How President Obama’s Re-election Helps Women

Minutes after polls on the West Coast had closed Tuesday night — and even before votes in Florida, Ohio, and Virginia had been counted — news outlets declared President Barack Obama the winner of the 2012 election.

“Today we congratulate President Obama on his re-election,” Kristin Rowe-Finkbeiner, the executive director and co-founder of MomsRising, said in a statement. “We’re ready to move forward with him to ensure that we close the gender wage gap, to see health care reform fully implemented so that all our families get the health care they need, and to secure earned sick days for all workers.”

Women were the coveted demographic during this campaign season, which set new records for advertisement spending and animosity levels.
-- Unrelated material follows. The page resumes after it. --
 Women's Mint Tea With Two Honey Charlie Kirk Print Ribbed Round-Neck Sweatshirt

Insensitive comments about “legitimate rape” may have cost Republican Congressman Todd Akin the Senate race in Missouri, and in Indiana, Democratic Representative Joe Donnelly beat State Treasurer Richard Mourdock, a Tea Party-backed candidate who said during a recent debate that pregnancy from rape “is something God intended to happen.”
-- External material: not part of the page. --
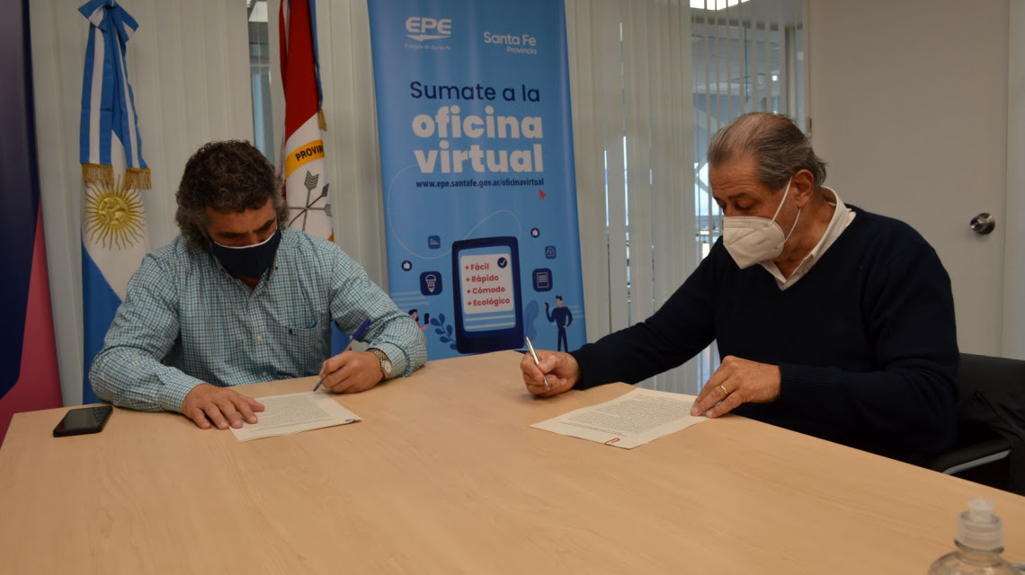 El Presidente de la EPE, Mauricio Caussi, junto al titular de la FISFE de Santa Fe, Víctor Sarmiento, firmaron en la sede de la administración central, un convenio marco que procura una mejor utilización de los recursos energéticos.

Though women from both political parties were quick to point out that women care about more than just reproductive rights.

How will Obama’s re-election effect women?

• With Democrats on track to hold the Senate, the Affordable Care Act — also known as Obamacare — is likely to be fully implemented, making domestic violence counseling and breast feeding support available to more women, and covering well-visits and prescription contraceptives with no out-of-pocket costs for patients.

• If a Supreme Court justice retires in the next four years, it’s likely that his or her replacement will support Roe v. Wade.

• Paid parental leave is still a political non-starter, but ensuring that women receive equal pay for equal work will continue to be a priority.